What this task involves: All that is needed is an exact repetition of the lines from the one containing "Донесение и. о." through the final line of the material, without pictures.

The data:
###
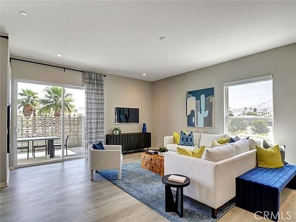 NEW BUILD LUXURY TOWNHOME with Palm Springs mere minutes from your front door! A bike ride, a stroll, or a moment's drive down Palm Canyon Drive and you are there! MOVE-IN READY with special Seller arranged financing available. FEE SIMPLE OWNERSHIP (not on leased land) and all the modern conveniences of new home construction, including an owned Solar system. Located in the new home community of Elan, visually framed by the breathtaking San Jacinto Mountains, this 2 Bedroom, 2.5 Baths and 2 car garage townhome boasts many interior upgrades, including a Glass Stair Rail, Light Gray Polished 12 x 24 tile flooring on the first floor, large quartz waterfall edged kitchen island including bar seating. Thermofoil cabinets with soft maple interiors and Grenada finish throughout home, includes soft close drawers and cabinets, full custom backsplash in kitchen, Stainless steel Bosch appliance package with free standing gas range with 6 burners, pyramid wall canopy hood, built -in Bosch microwave, dishwasher and single basin stainless-steel sink. Prewired for Whole house WI-FI with 2 access points, recessed lighting upgrades in all living areas, upstairs Laundry Room. Voluminous 9' and 10' ceilings, superb quality Milgard windows, fully insulated 2-car garage with steel roll up garage door, WI-FI garage door opener, including camera and Amazon MyQ/key. Ring doorbell included, pre-wired for ceiling fans in all living areas, pre-wired for a pair of speakers in the Great Room and upper deck. Private patio at first level and balcony off of all upstairs bedrooms. Pictures are of the model home for this floor plan and not the home offered for sale. Community amenities include a resort style community pool, dog park and bocce ball court.
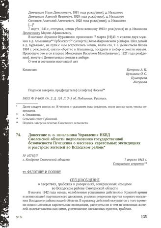 Донесение и. о. начальника Управления НКВД Смоленской области подполковника государственной безопасности Печенкина о массовых карательных экспедициях и расстреле жителей во Всходском районе. Г. Кондрово Смоленской области, 7 апреля 1943 г. // Архив УФСБ России по Смоленской области. Ф. 5. Оп. 1. Д. 11-а. Л. 86-89. Заверенная копия. Машинопись.
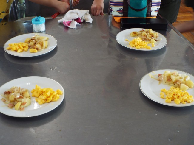 16日(月)の3・4時間目、6年1組は家庭科の授業で、朝食のおかず作りをしました。
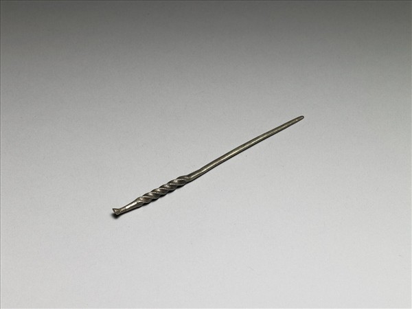 銀銅合金耳挖簪,簪首頂端為一小型耳挖,首部飾數道弦紋與一截螺旋紋。挺部下端扁平而光素無紋。
###
Your solution:
 Донесение и. о. начальника Управления НКВД Смоленской области подполковника государственной безопасности Печенкина о массовых карательных экспедициях и расстреле жителей во Всходском районе. Г. Кондрово Смоленской области, 7 апреля 1943 г. // Архив УФСБ России по Смоленской области. Ф. 5. Оп. 1. Д. 11-а. Л. 86-89. Заверенная копия. Машинопись.
 16日(月)の3・4時間目、6年1組は家庭科の授業で、朝食のおかず作りをしました。
 銀銅合金耳挖簪,簪首頂端為一小型耳挖,首部飾數道弦紋與一截螺旋紋。挺部下端扁平而光素無紋。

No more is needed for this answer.